Литмир - Электронная Библиотека

Германия пристально покосился на Японию, улыбнувшись немного шире. Его голубые глаза были прищурены, из-за неровного освещения, которое давал костёр, казалось, словно они светились в сумрачном полумраке, что проник через внезапно распахнувшееся окно, впустив в помещение ледяной ветер, тревожащий пламя в камине. Кику поёжился от холода, подошёл к окну, ощущая, как морозный и колкий воздух дует в лицо, заставляя мурашки бегать по телу. Только закрыв его, Япония почувствовал, как пришедшая с открывшимся окном тревога исчезает прочь: было в этом обыденном действии что-то мистическое и он долго не мог заставить себя отойти к камину и перестать смотреть опустошённым взглядом в тёмное стекло, за которым разворачивалась настоящая метель.
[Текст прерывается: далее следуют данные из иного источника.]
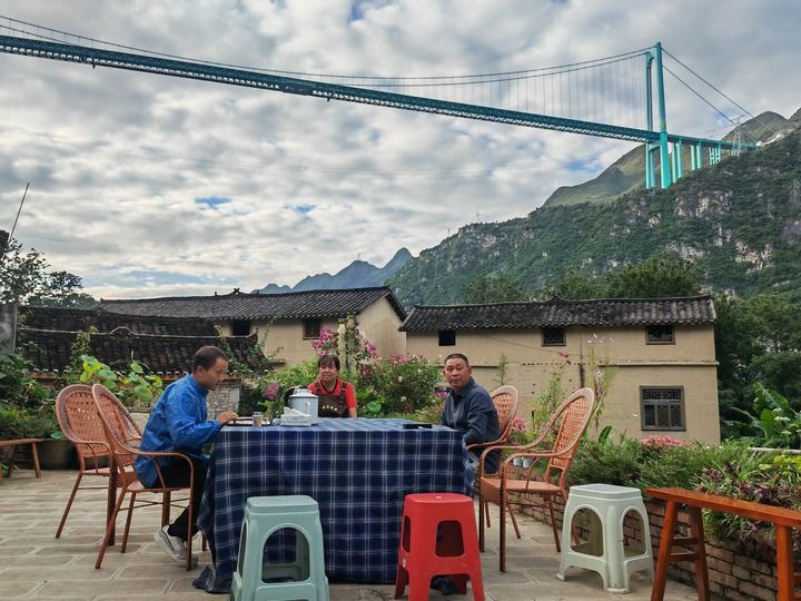 2025年9月27日,在貴州花江峽谷大橋附近,林國權(quán)(左)在自家民宿和員工坐在一起交流。新華社記者 向定杰 攝

На секунду Хонде показалось, что на улице кто-то бродит, описывая круги вокруг дома, всматриваясь горящими глазами прямо ему в душу, утробно рыча и вздымая шерсть на загривке. Япония ничего не видел за окном, но в глубине души ощущал скрытую угрозу, которая, возможно, даже не в ближайшей тысяче километров, но определённо дышит в спину, придерживая в руках нож, чтоб вонзить его Хонде прямо в рёбра. Япония отошёл от окна, повернулся к Германии, что всё так же сидел в кресле, не сводя глаз с Кику. Тревога резко отступила, даже дышать стало легче. Спокойно сев в соседнее кресло, Кику уставился в огонь.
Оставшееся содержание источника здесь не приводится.